In [19]:
import torch
from datasets import list_datasets, load_dataset, Dataset
from transformers import AutoModel, AutoModelForSequenceClassification, AutoTokenizer
from transformers import Trainer, TrainingArguments
from sklearn.metrics import accuracy_score, f1_score

In [2]:
dataset_list = list_datasets()

In [3]:
len(dataset_list)

6985

In [4]:
dataset_list[:5]

['acronym_identification',
 'ade_corpus_v2',
 'adversarial_qa',
 'aeslc',
 'afrikaans_ner_corpus']

In [12]:
device = torch.device('cuda' if torch.cuda.is_available() else 'cpu')

### Load dataset

In [5]:
emotion = load_dataset('emotion')

Using custom data configuration default
Reusing dataset emotion (/home/andreas/.cache/huggingface/datasets/emotion/default/0.0.0/348f63ca8e27b3713b6c04d723efe6d824a56fb3d1449794716c0f0296072705)
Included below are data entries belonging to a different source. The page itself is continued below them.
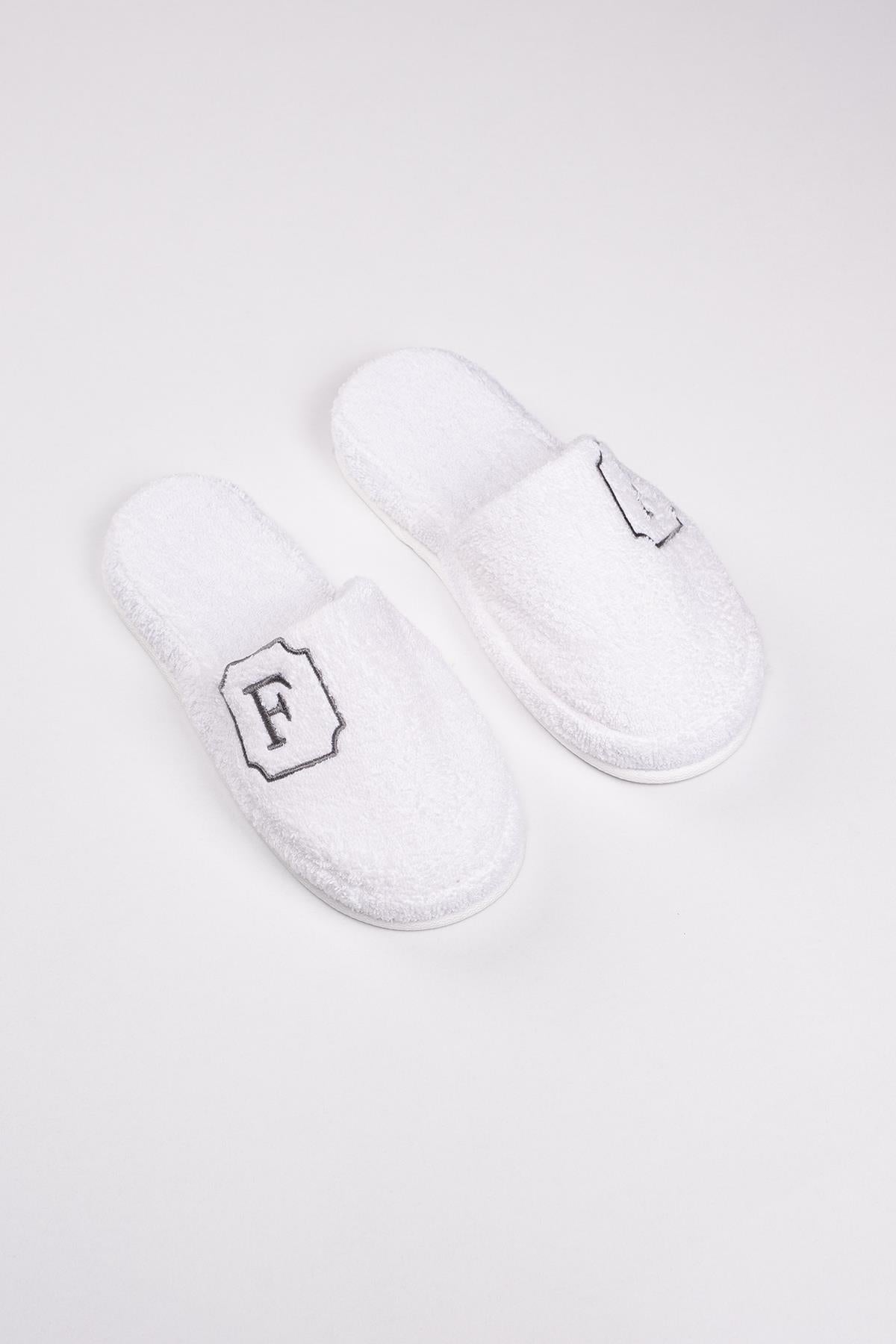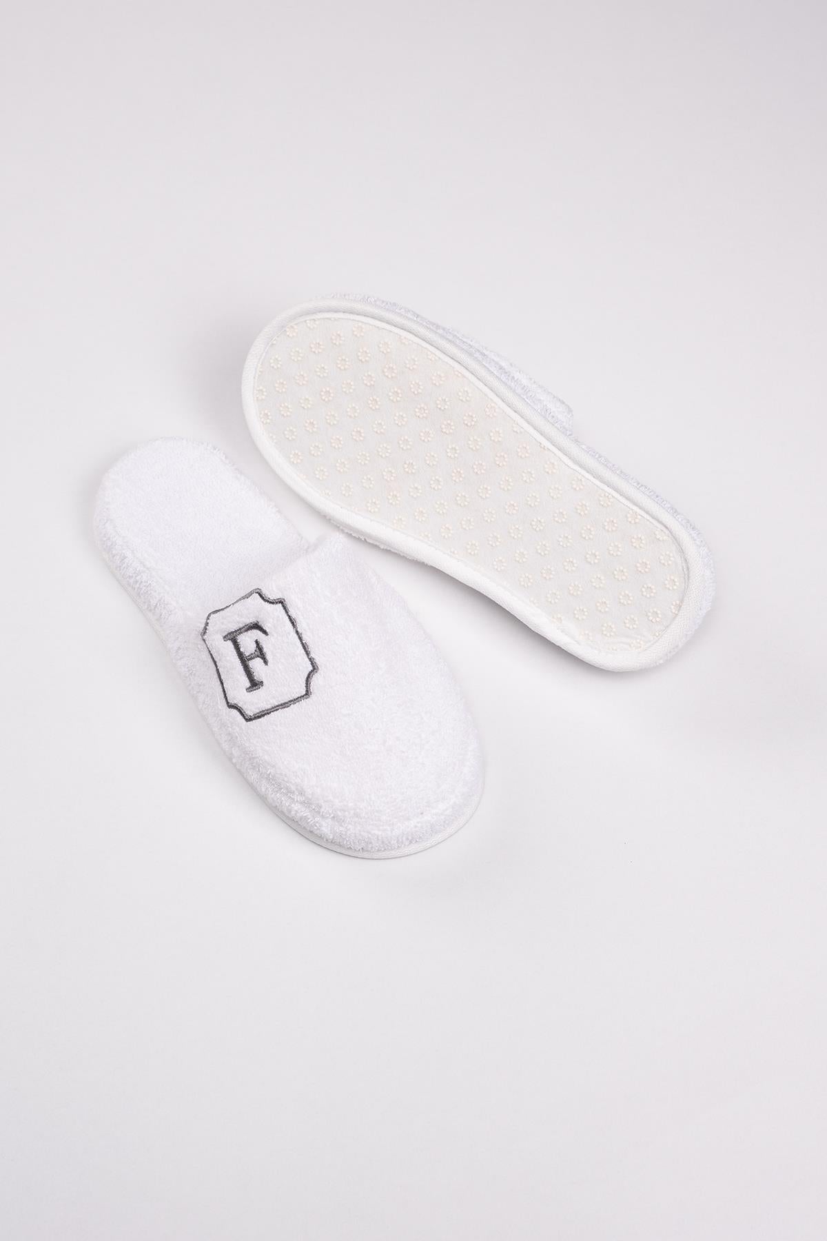 F Harf Nakışlı Banyo Ve Ev Havlu Terliği – %100 Pamuk Kaymaz Kalın Taban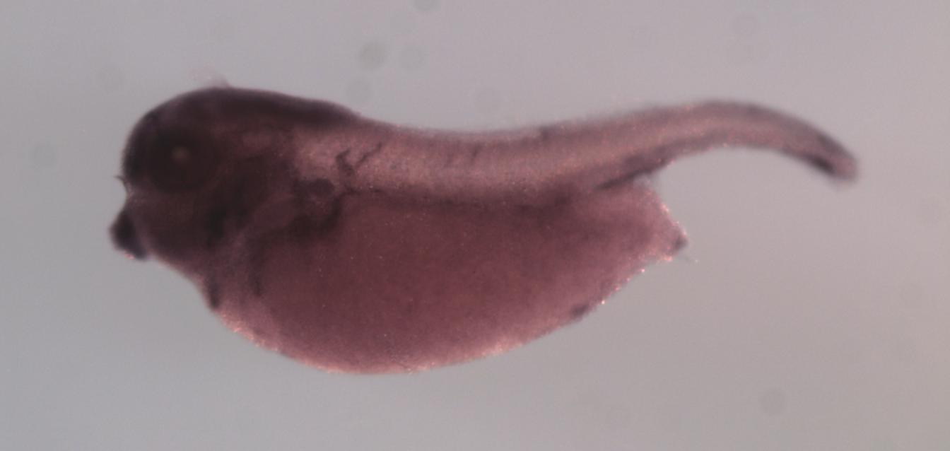 Larger Image napa (NSF attachment protein alpha) gene expression in X. laevis embryo, assayed via in situ hybridization, NF stage 35 & 36, lateral view, anterior left, dorsal up. Copyright © Perron Lab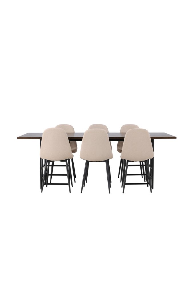 Bordet i serien Ystad har en rektangulär bordsskiva i mörkbrun MDF och ek-faner som utstrålar tidlös elegans. De två dekorativa stommarna i svart metall ger en kontrasterande industriell touch. Bordets generösa mått på 220x100 cm erbjuder gott om utrymme för dina middagsgäster.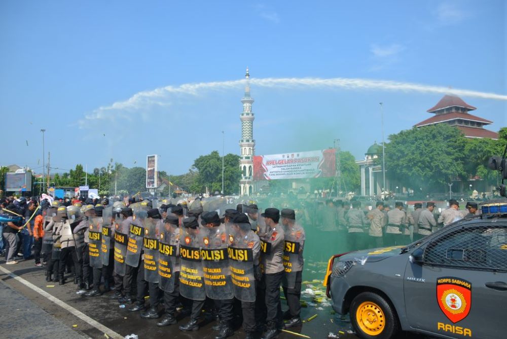 Antisipasi Gejolak Mei, Pemkab dan Polresta Cilacap Gelar Simulasi Sispam Kota di Alun-alun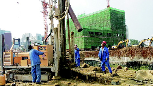 据介绍,强度风化花岗岩硬度小,与普通土层一样在遇到水流和空气时都会塌陷。打井前期往往遇到这种地质,需要护壁管做支撑,保证钻井设备顺利掘进。“前期因为加固工作往往成为打井作业中的难点,会放慢打井进程。”打井队王强队长说。记者在现场看到,在遭遇强度风化花岗岩阶段,工人们需要将每根长约3米的护壁管焊接后放到地下,焊接一根护壁管往往需要20多分钟。管道很沉,需要借助打井设备才能搬运到指定位置。

  0%|          | 0/3 [00:00<?, ?it/s]

In [6]:
emotion

DatasetDict({
    train: Dataset({
        features: ['text', 'label'],
        num_rows: 16000
    })
    validation: Dataset({
        features: ['text', 'label'],
        num_rows: 2000
    })
    test: Dataset({
        features: ['text', 'label'],
        num_rows: 2000
    })
})

### Tokenize

In [7]:
model_ckpt = "distilbert-base-uncased"

In [8]:
tokenizer = AutoTokenizer.from_pretrained(model_ckpt)

In [9]:
def tokenize(batch):
    result = tokenizer(batch['text'], padding=True, truncation=True)
    return result

In [10]:
emotion_encoded = emotion.map(tokenize, batched=True, batch_size=512)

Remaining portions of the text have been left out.